Variant Calling with GATK
Last updated
Last updated
In this section, you will learn how to perform variant calling to identify single nucleotide polymorphisms (SNPs) and small insertions and deletions (indels) from NGS data using one of the most widely used tools. Below are the main steps involved in the variant calling pipeline.
The Genome Analysis Toolkit (GATK) is a software suite created by the Broad Institute to help analyze DNA sequencing data. It is commonly used to find genetic variants, like single nucleotide changes (SNPs) and small insertions or deletions (indels), in genomic data. GATK includes tools to improve the accuracy of the data, such as fixing errors in base quality scores and aligning indels correctly. Its workflows are designed to make variant calling reliable and precise, making GATK a valuable tool for both research and clinical studies. Even if you're new to genomics, GATK's features and step-by-step guides make it easier to start working with your data.
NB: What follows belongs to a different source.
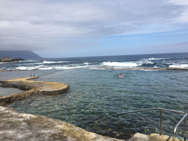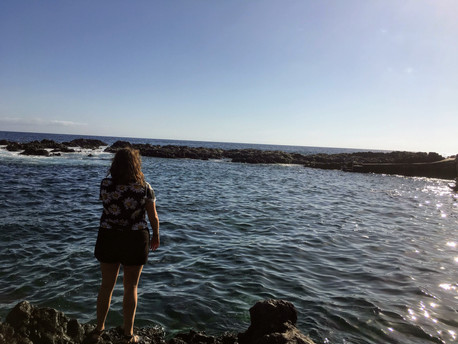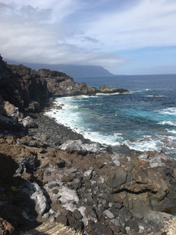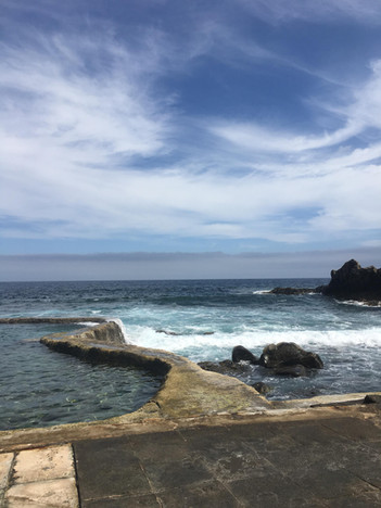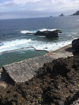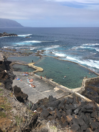That evening, we went to Tacorón, a beach in the south that I have been meaning to go to but which is very difficult to get to without a car. It is a beautiful little cove with that same stunning turquoise water, rocky shores, and sea walls you can swim over to and watch the waves lap in. It is one of El Hierro's many natural pools, a tidal pool perfect for swimming and semi-protected from the waves.

Learn nore about GATK using following link
For an advanced understanding of the variant caller algorithm, you can watch the following video.
In order to perform variant calling yourself, you will use the Variant Calling with GATK webpage and the presentation below as helping material.
The files are stored in the following directory on the server.
Copy it to your home directory
variant_calling_files/
In the folder you will have several files:
#Reference fasta file
variant_calling_files/ref_genome/ecoli_rel606.fasta
#Raw fastq files
variant_calling_files/trimmed_fastq_small/SRR2584863_1.trim.sub.fastq
variant_calling_files/trimmed_fastq_small/SRR2584863_2.trim.sub.fastq
#File with all codes
variant_calling_files/variant_calling_script.md #which is a markdown file
variant_calling_files/variant_calling_script.pdf
Note! All the paths in the variant_calling_script.md codes are relative to the variant_calling_files folder.